Вернулся я в Москву уже окончательно накануне 30 сентября, аккурат к маминым именинам. В Сухуми было еще жарко, и мы с Машей решили поехать хоть на недельку (на дольше дочурку оставить с сестрой бывшей свекрови она не решалась) поплавать в море, позагорать.
Когда Володя узнал о моих планах, он тут же вызвался поехать со мной, тем более что он с Мариной этим летом плавал на теплоходе «Грузия», они заходили в Сухуми, стояли там несколько дней, и капитан теплохода, считавший Володю и Марину своими гостями, познакомил моего друга с какими-то важными местными людьми. Короче, говорил мне Володя, у него там все «схвачено», и примут там нас по высшему классу. Он со мной поедет на два-три дня, все мне там устроит, вернется в Москву и проводит ко мне Машу.
Я было обрадовался — как все замечательно устраивается. Но… Володя неожиданно «загудел», то есть запил. Правда, не до полной «отвязки», но все равно и в таком состоянии на него надеяться было бы опрометчиво. А я очень устал в этой своей старательской эпопее, когда спать приходилось не больше четырех часов в сутки. А тут еще мне не хватало в Сухуми непросыхающего Володи. Нет уж, дудки…
А Володя исчез на несколько дней, и это было очень кстати.
Я купил билет и, собрав минимум вещей, поехал во Внуково.
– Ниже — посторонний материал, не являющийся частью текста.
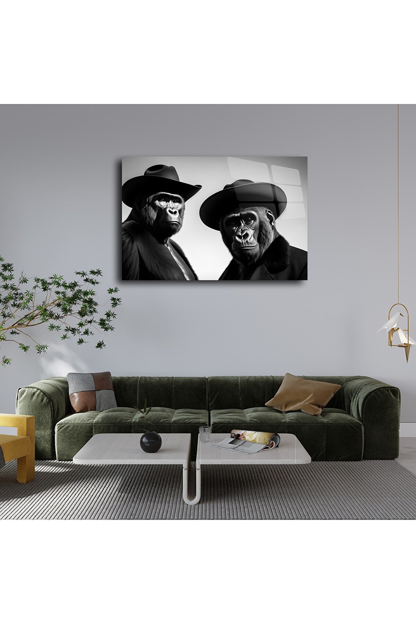 LEYLASER Şapkalı Goril Cam Tablo Duvar Dekoru
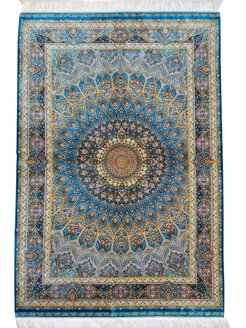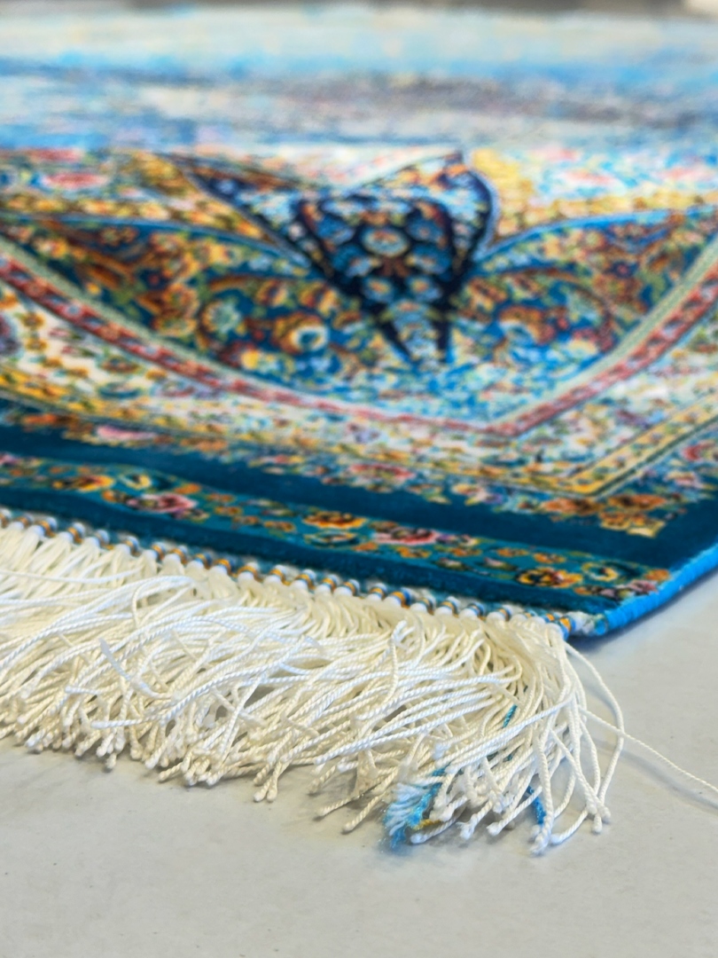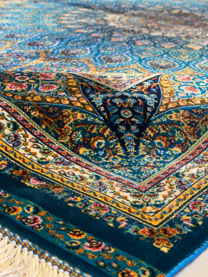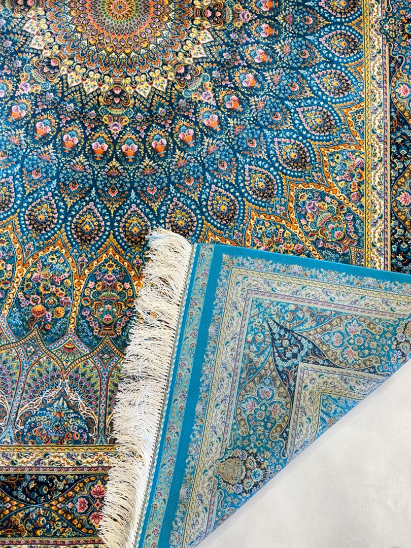 ربات بافت قم 150*225 مستطيل گنبد شيخ لطف الله 70 رج ابريشم و بنبوسيلک ابي اقيانوسي ابي اقيانوسي 8 Kg

Объявили посадку на мой рейс.
Я уже стоял у трапа самолета, как вдруг кто-то меня похлопал по плечу и произнес:
— Васёчек…
Это был Володя.
Я ничуть не обрадовался его появлению.
— Откуда ты узнал о моем рейсе?
— А я заехал к тебе, а Надежда Петровна говорит, что ты вот только что уехал во Внуково.
— Васёчек, давай все начистоту. Ты «загудел», значит, не остановишься. И мне с тобой там колобродить совсем не хочется. Я правда очень устал в старателях и хочу отдохнуть с Машей вдвоем, а не вытаскивать тебя из пьяных компаний.
— Гарик, клянусь, ничего подобного себе не позволю. Я просто хочу тебе там все устроить по суперклассу, чтоб ты действительно отлично отдохнул. Тем более вдвоем с Машей, — очень серьезным тоном убеждал меня Володя.
— Хорошо, но дай слово, что, если ты «загудишь», я тебя сажаю на самолет и ты не сопротивляешься.
— Членусь, да, — сказал он с грузинским акцентом.
Действительно, в Сухуми нас встречали какие-то люди на черной «Волге», которую подогнали к самому трапу самолета. Все они Володю знали, он меня со всеми познакомил, и мы прямиком поехали в какой-то горный ресторан отмечать приезд «дорогого гостя».
Все было замечательно, Володя пил в меру. Где-то в одиннадцатом часу мы заговорили о том, что ведь нам надо куда-то пристроиться с ночлегом. Грузины сказали, что они обо всем позаботились и нас ждет чудесный домик на самом берегу моря.